Amanda: I want WMTMS to be an interactive experience. When we ask people questions on our blog or social media accounts, we really want them to answer. The only way to end the stigma on mental illness is to make it become a part of normal conversation. I also want people to be able to use us as a sounding board if they feel they have no one else to talk to-we’re here for them!
Why are you, personally, invested in the topic of mental illness?
Michal: I’ve suffered from various mental illnesses throughout my entire life and up until Amanda shared with me that we bare the same scars from self-harm, I had felt that I was the only one who experienced heavy depression, suicidal thoughts, anxiety, etc.
Suicide is a topic rarely spoken about, but the only way we can prevent this from happening is by fostering and engaging in healthy conversations. We can’t remain in silence.
Amanda: I grew up with a very close family member who suffers from Bipolar disorder (along with several other illnesses) and it was really tough on me (obviously it was even tougher on that person). For the longest time I struggled with understanding them, and I hated them because they couldn’t just be “normal.”
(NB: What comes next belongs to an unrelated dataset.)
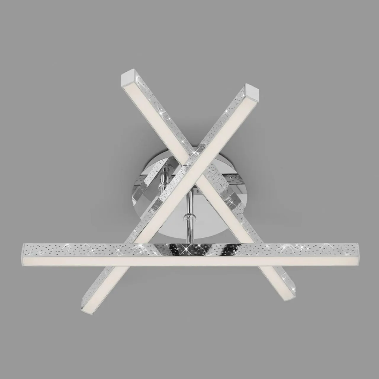 Okrągłą podstawę lampy ozdobiono 3 listwami, których krzyżujące się ramiona tworzą wzór trójkąta. Dodatkowo chromowany kolor wykończenia pasuje do nowoczesnych, minimalistycznych wnętrz i podkreśla efekt, jak dają brokatowe punkciki rozsiane po całej oprawie.

After dealing with my own depression and subsequent self-harm, I realized that I couldn’t just be “normal” either because I had a mental illness. No one had ever spoken to me about mental illness and no one ever encouraged me to learn more about it. It was always a very “hush-hush” topic, almost taboo, and it honestly left my relationship with that family member damaged because I was under the impression that they were just plain crazy.
If someone had just told me that a mental illness is just like cancer, or diabetes or any other physical illness maybe my story would have been different. I want others’ stories to be different.
Why do you think it’s so important that we share our stories and struggles?
Michal: Everyone has a unique story, comprised of sorrow and happiness and defeats and triumphs. It’s easy to slip into the belief that our struggles and illnesses define us, but we shut that idea down when we speak about what we’ve gone through. Every time we speak out about our struggles, we gain a little bit more power over them. When we voice our stories we make it OK for others to do the same. It’s therapeutic for ourselves and sparks possibilities in the lives of others.
Amanda: I think it’s important to let others know that they aren’t alone. I remember feeling isolated from those around me because I didn’t think that anyone suffered the way I did or the way my relative did. It was the worst feeling in the world.
If we are willing to share our stories and struggles with each other, we are willing to open up our arms to each other and leave behind that feeling of isolation. People are important; we need each other. We weren’t put on this earth to suffer alone, to suffer in silence; that isn’t what God intended for any of us.